Direction régionale des entreprises, de la concurrence, de la consommation, du travail et de l’emploi d’Ile-de-France (DIRECCTE 75)

avis 20161181 - Séance du 7/07/2016

Monsieur X a saisi la commission d’accès aux documents administratifs, par courrier enregistré à son secrétariat le 29 février 2016, à la suite du refus opposé par le directeur régional des entreprises, de la concurrence, de la consommation, du travail et de l’emploi d’Ile-de-France (unité territoriale de Paris) à sa demande de communication, sans occultation des noms et prénoms, des attestations CERFA 11527*02 transmises par son employeur à l’inspection du travail.

En l’absence de réponse du directeur régional des entreprises, de la concurrence, de la consommation, du travail et de l’emploi d’Ile-de-France à la date de sa séance, la commission comprend de la saisine que le demandeur, salarié protégé, a fait l’objet d’une procédure de licenciement et que, dans le cadre de la procédure d’autorisation administrative préalable par l’inspection du travail, auraient été produites par l’employeur des attestations de salariés sur les formulaires CERFA 11527*02 indiquant que le demandeur se serait vu proposer un contrat de transfert d’entreprise, ce qu’il conteste. Il a alors demandé communication de ces pièces à l’administration, qui les a transmises mais anonymisées.

La commission rappelle qu’aux termes des articles 200 à 203 du code de procédure civile, les attestations de témoignage contiennent la relation des faits auxquels son auteur a assisté ou qu’il a personnellement constatés, qu’elles mentionnent les nom, prénoms, date et lieu de naissance, demeure et profession de son auteur ainsi que, s’il y a lieu, son lien de parenté ou d’alliance avec les parties, de subordination à leur égard, de collaboration ou de communauté d’intérêts avec elles. Elle indique en outre qu’elles sont établies en vue de leur production en justice et que l’auteur a connaissance qu’une fausse attestation de sa part l’expose à des sanctions pénales.

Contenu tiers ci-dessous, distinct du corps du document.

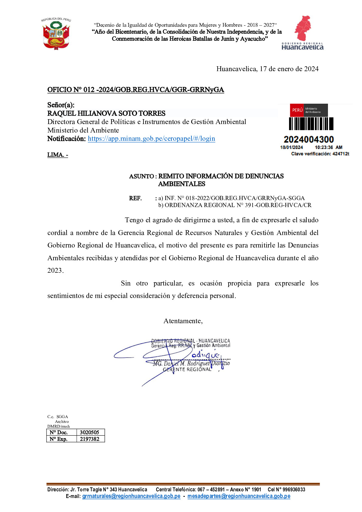 Denuncias Ambientales recibidas y atendidas por el Gobierno Regional de Huancavelica durante el año 2023

La commission constate que les formulaires CERFA 11527*02, document réglementé défini par arrêté et édité par le centre d’enregistrement et de révision des formulaires administratifs (CERFA), utilisés pour le recueil des témoignages dans les instances juridictionnelles au titre de l’administration judiciaire de la preuve et produits spontanément par les parties ou à la demande du juge, en application des dispositions précédemment mentionnées du code de procédure civile, sont également utilisés dans le cadre de procédures administratives, comme en l’espèce. Elle considère en conséquence que les formulaires CERFA 11527*2 détenus par l’administration et établi en vue d’être produits dans le cadre d’une procédure administrative, revêtent, à la différence de ceux produits au cours et pour les besoins d’une procédure juridictionnelle, un caractère administratif, qu’ils conservent, alors même qu’ils auraient été transmis au juge dans le cadre d’un contentieux suivant la phase administrative au cours de laquelle ils auraient été produits.

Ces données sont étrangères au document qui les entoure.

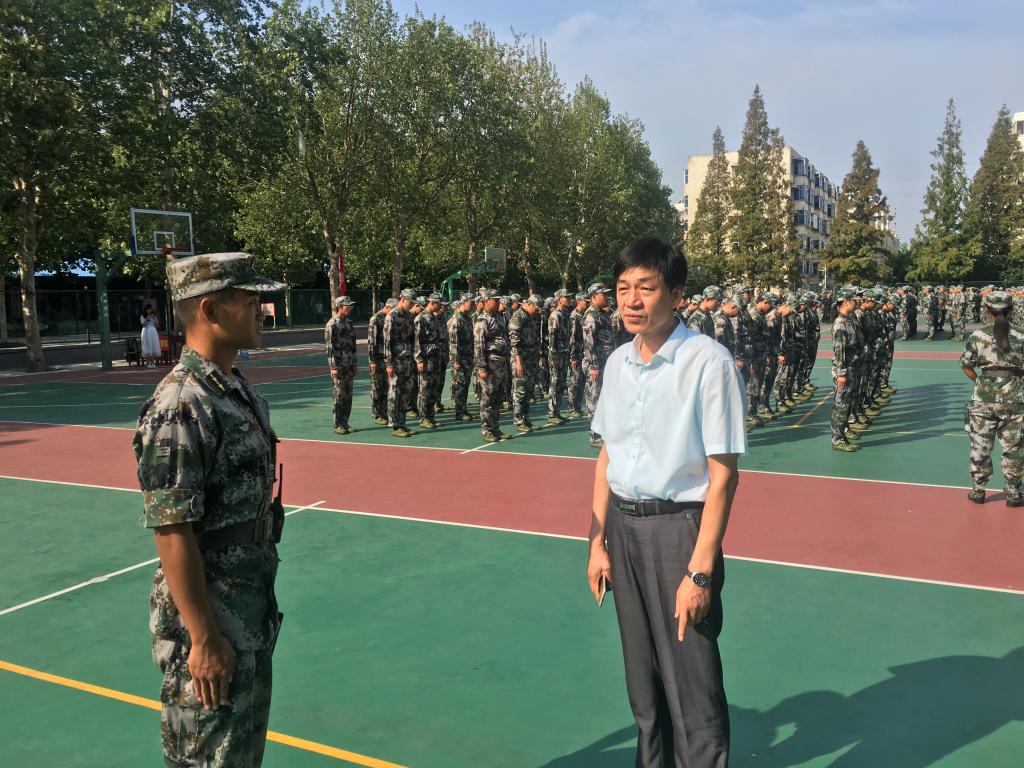 党委书记田云飞、团委书记范瑞红、辅导员郑凤华、单天罡到训练场地视察军训工作、慰问训练新生。

Ces formulaires sont donc communicables dans les conditions et sous les réserves prévues par le titre I du livre III du code des relations entre le public et l’administration. Doivent ainsi être soustraites à la communication ou occultées les mentions faisant apparaître le comportement de tierces personnes et dont la divulgation pourrait leur porter préjudice, en application de l’article L311-6 de ce code.

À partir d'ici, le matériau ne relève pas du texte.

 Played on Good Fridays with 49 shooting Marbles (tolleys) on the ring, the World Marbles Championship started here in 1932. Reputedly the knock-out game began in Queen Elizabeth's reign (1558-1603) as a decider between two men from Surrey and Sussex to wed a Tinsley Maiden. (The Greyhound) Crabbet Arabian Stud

En l’espèce, la commission estime que la révélation des noms et prénoms des personnes qui témoignent d’une circonstance que le demandeur conteste dans le cadre de l’autorisation préalable de son licenciement par l’inspection du travail, est de nature à révéler de leur part un comportement dont la divulgation pourrait leur porter préjudice. Elle émet dès lors un avis défavorable à la communication de ces attestations non occultées.